As this was a spur of the moment decision to eat there (I was actually longing for the Spicy Noodles at Momofuko Noodle Bar, they were not open for dinner yet, but that is another article for another day) I decided to try one of the pizze to see how their oven, dough, ingredients and reputation stacked up. Unknown to all of the readers of this blog is the fact that I developed and ran a high-end pizzeria in Guatemala City, Guatemala called Jake’s Tomato Pies from 1999-2001 so I am very particular about pizza and even moreso about the dough.
According to a NY Times article on 9/9/09 The oven at Motorino is an “Acunto, a $15,000 wood-burning oven hand-crafted in Naples. Unlike most professional ovens, which are made of clay and assembled in pieces, the Acunto is brick and is shipped whole. It’s smaller than a Fiat 500, but not by much.” According to Motorino owner Mathieu Palombino ““This is probably the best brick oven made in Italy.” It came with the space when he bought Una Pizza Napolitana from Anthony Mangieri the owner.
The pizze I decided upon was the Brussel Sprout ($15) which came topped with Brussel sprout leaves, smoked pancetta, Mozzarella di Bufala, garlic and pecorino cheese.
The crust was just salty enough, perfectly crisped in the oven and moist to the bite. The combination of the brussel sprouts, smoked pancetta and the combination of Pecorino & Mozzarella di Bufala was a revelation with every bite. As I was working my way through the pie, I received a text from a friend in the East Village and was requested to bring some pizze over to their place, so I ordered a Sopressata Picante ($16) topped with Mozzarella di Bufala, Spicy Sopressata, Garlic, Chili and Oregano to go along with a side of the Oven Roasted Broccolini ($8) with Garlic, Chili and Pecorino cheese. The quality of the meat and the sauce topping it were top notch. The broccolini were slightly al dente and well seasoned without being too spicy.
Motorino also serves their Pizze “a libretto” which, according to Eater is “a Neapolitan way of folding the12-inch pie in paper for easy street eating.” It has not been requested much yet but I was told by my waiter that it is a great way to try their pizze.
I have to say that the staff is very attentive, knowledgeable about the products they sell, able to offer great suggestions (without being pushy) and generally seem to enjoy working at Motorinio. I think on the next trip, I am going to round up a few friends and check out the full Antipasti list as well as the Tiramisu which is made in house.

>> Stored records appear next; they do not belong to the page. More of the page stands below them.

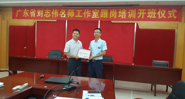 在佛山市九江镇初级中学(曾秩和纪念初级中学),来自全省各地的11位初中生物骨干教师同全校师生共同参加升旗仪式后,在“刘志伟名师工作室”进行了跟岗学习开班仪式,刘志伟老师是中学正高级教师、国家特级教师、教育部国培专家、全国五一劳动奖章获得者,也是本次高端研修班的授课专家之一。刘志伟老师从学校的定位,结合中考的政策和地方特色,阐述了工作室创立的背景和发展历程。他明确指出,近五年是教师专业专业化发展的最好的时机,他鼓励大家争取早日成为百千万计划的一员。九江镇初级中学的陈校长及陈主任参加了开班仪式,对学员们的到来表示热烈的欢迎。随后,刘锴栋副院长还为刘志伟老师颁发了聘书。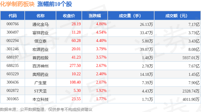 证券之星消息,11月6日化学制药板块较上一交易日下跌0.01%,向日葵领跌。当日上证指数报收于 4007.76,上涨0.97%。深证成指报收于13452.42,上涨1.73%。化学制药板块个股涨跌见下表: | 代码 | 名称 | 收盘价 | 涨跌幅 | 成交量(手) | 成交额(元) | | --- | --- | --- | --- | --- | --- | | 000766 | 通化金马 | 28.19 | 4.80% | 26.13万 | 7.17亿 | | 300497 | 富祥药业 | 11.28 | 4.54% | 33.47万 | 3.73亿 | | 002294 | 信立泰 | 60.28 | 4.40% | 5.80万 | 3.43(乙 | | 301246 | 宏源药业 | 20.01 | 3.79% | 39.07万 | 8.08亿 | | 688197 | 首药控股 | 41.23 | 3.57% | 1.48万 | 5937.01万 | | 688235 | 自济神州 | 277.50 | 2.67% | 2.78万 | 7.67亿 | | 603229 | 奥翔药业 | 10.2 ...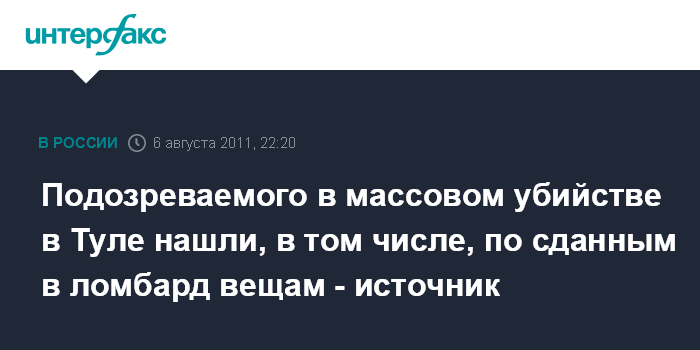 Тула. 6 августа. ИНТЕРФАКС-ЦЕНТР - Сотрудники правоохранительных органов Тульской области смогли вычислить подозреваемого в убийстве семьи из пяти человек в Туле, в том числе, по сданным в ломбард вещам, сообщил "Интерфаксу" источник в силовых структурах в субботу.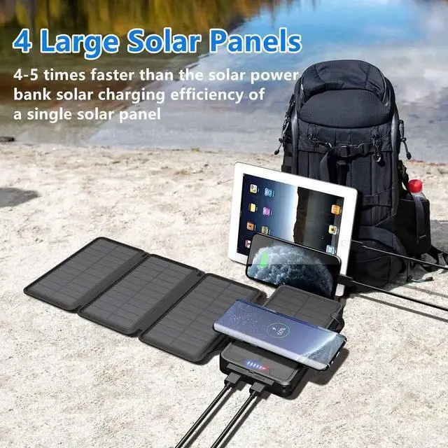 Solar power bank 38800mAh large battery let you get rid of the anxiety of battery power anytime and anywhere. Solar power bank has a wireless charging function two 5V 3.1A USB fast output ports can charge up to 3 devices at the same time.

I was told that some more offerings are in the works but that they are hampered in what they can do by the small East Village space as opposed to the larger Brooklyn space.
I had a chance to briefly meet and speak with Chef/Owner Mathieu Palombino who comes from a fine dining background. He was chef de cuisine at BLT Fish when it was given three stars in The New York Times by Frank Bruni in 2005 (from NY Times Article 9/9/09).

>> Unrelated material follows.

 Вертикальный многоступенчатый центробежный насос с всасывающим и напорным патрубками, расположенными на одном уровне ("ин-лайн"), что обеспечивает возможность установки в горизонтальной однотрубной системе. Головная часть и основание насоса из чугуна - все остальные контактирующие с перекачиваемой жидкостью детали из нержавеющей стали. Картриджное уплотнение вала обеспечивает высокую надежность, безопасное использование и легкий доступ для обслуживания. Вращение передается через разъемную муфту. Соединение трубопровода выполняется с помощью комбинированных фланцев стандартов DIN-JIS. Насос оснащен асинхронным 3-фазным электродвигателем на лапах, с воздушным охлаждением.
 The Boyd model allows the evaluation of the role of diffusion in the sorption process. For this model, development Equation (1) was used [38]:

The staff told me that the crowds really start descending on Motorino after 7 PM, so if you want to check out the food without out all of the crowds get there early. I think Mr Palombino has brought a great new addition to the East Village even if it is around the corner from Luzzo’s and a couple of blocks away from Artichoke Basilles Pizza. The styles of the pizza in all three places is different, so I think (and hope) that they can all thrive and be successful. I have eaten at all three and they all bring a special touch to their pizzas.
Motorino does not deliver but does do pickup orders.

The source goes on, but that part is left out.